即ち、こうした派遣労働者にとっては解雇とは、いわば死刑宣告のようなものであると言えよう。
派遣労働の多くは常にこうした危機や不安と隣り合わせであるということでもある。
2004年の派遣法の改悪で工場の生産ラインにも派遣労働を可能としたことで、一層このような悲劇的な派遣労働が生じたことは間違いない。
派遣労働の規制緩和がもたらす問題は、私が衆議院議員として民主党の雇用問題担当の責任者をしていた時に、労働者派遣法改正のたびに国会で強く指摘していたことである。
私が危惧していた通りの労働の実態になってしまった。
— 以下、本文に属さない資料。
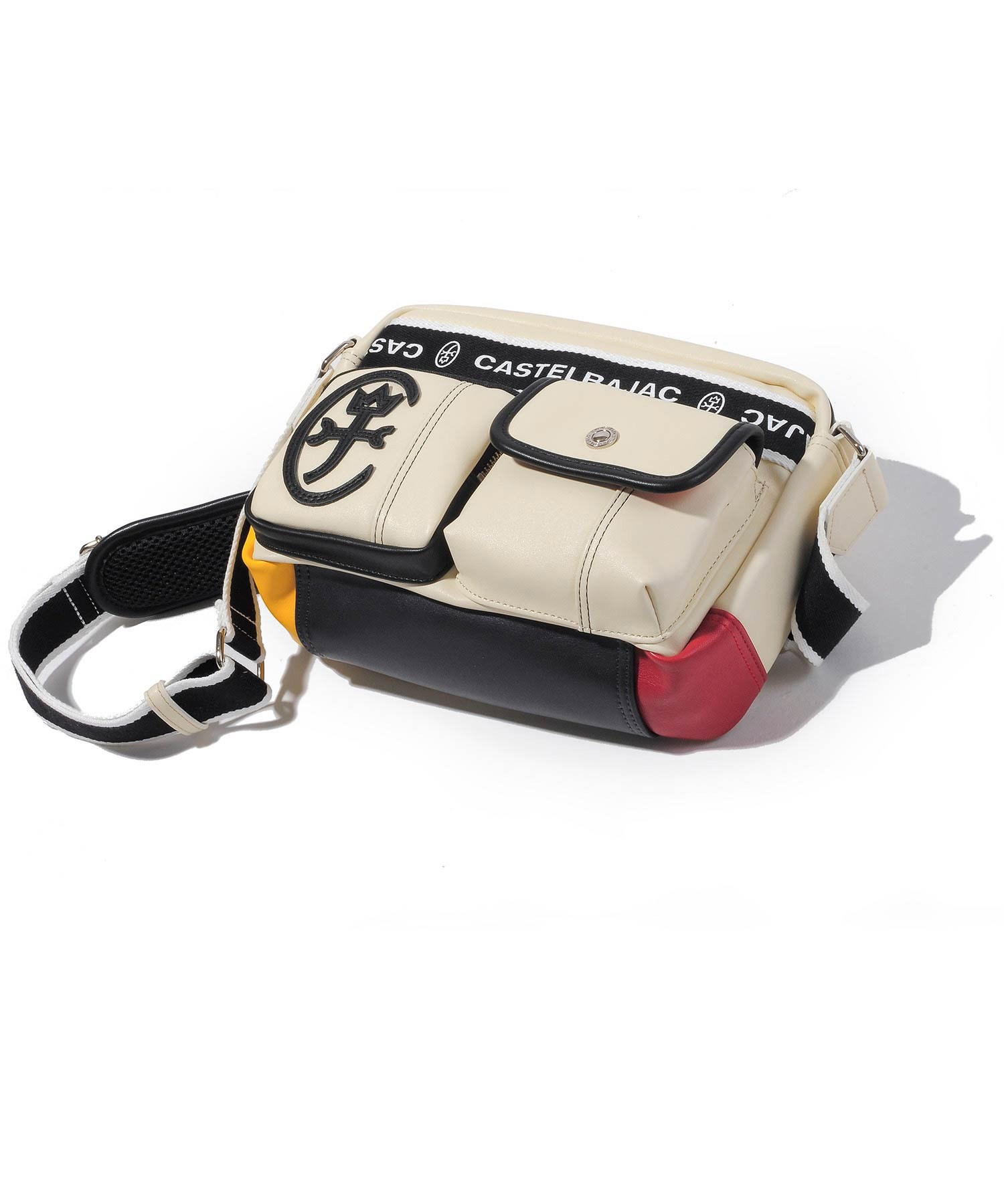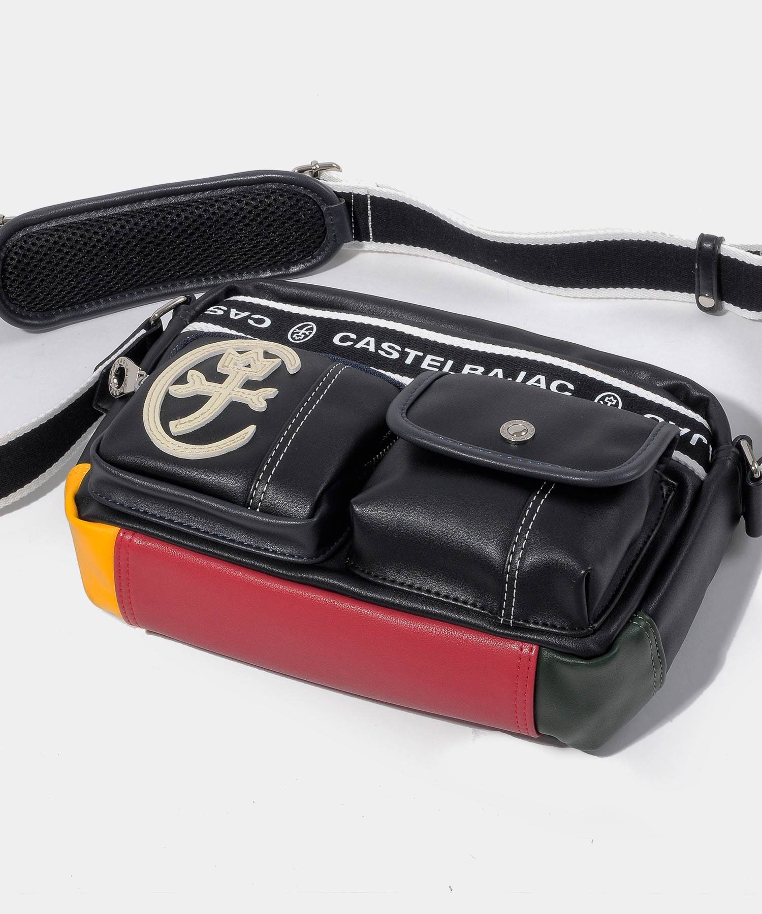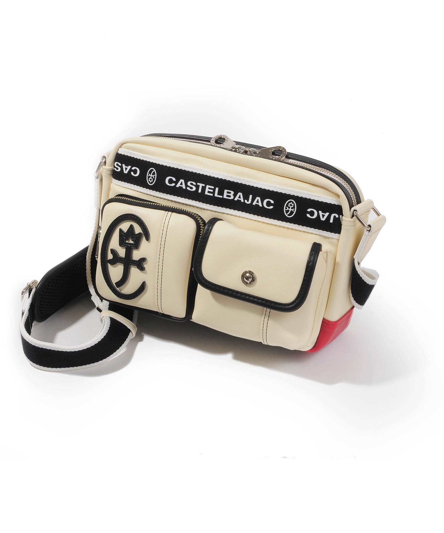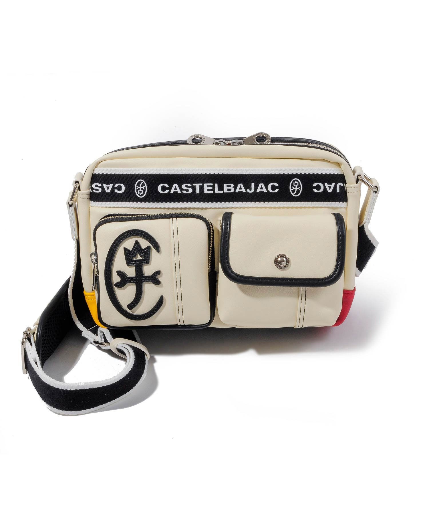 ベーシックな本体カラーにカステルバジャックらしい4原色がちらりとのぞく配色がポイントのドミネシリーズのカジュアルショルダーバッグ。マチ付きの便利な外ポケットや580gと軽量な仕様も魅力です。

誠に残念でならない。
最大の問題は「労働が商品」として扱われる様になってしまったことである。
私は一貫して「労働の尊厳」を主張し続けてきた。
働く人には人生があり家庭があり、そして何より自らの仕事に誇りをもちたいものである。
すべてとは言わないが今の派遣労働、とりわけ日雇い派遣は「仕事や自分に誇りがもてる働き方」には程遠い実態である。
民主党も、もう一度労働者派遣法を原点に立ち戻って見直すべきである。
その基本は「労働は商品ではない」ということ、そして「労働の尊厳」をしっかりと保持できる雇用であるということである。
どのような働き方であろうと、どの職場で働こうと”明日への希望”だけはすべての人が平等にもてる社会にすることが政治の最大の使命である。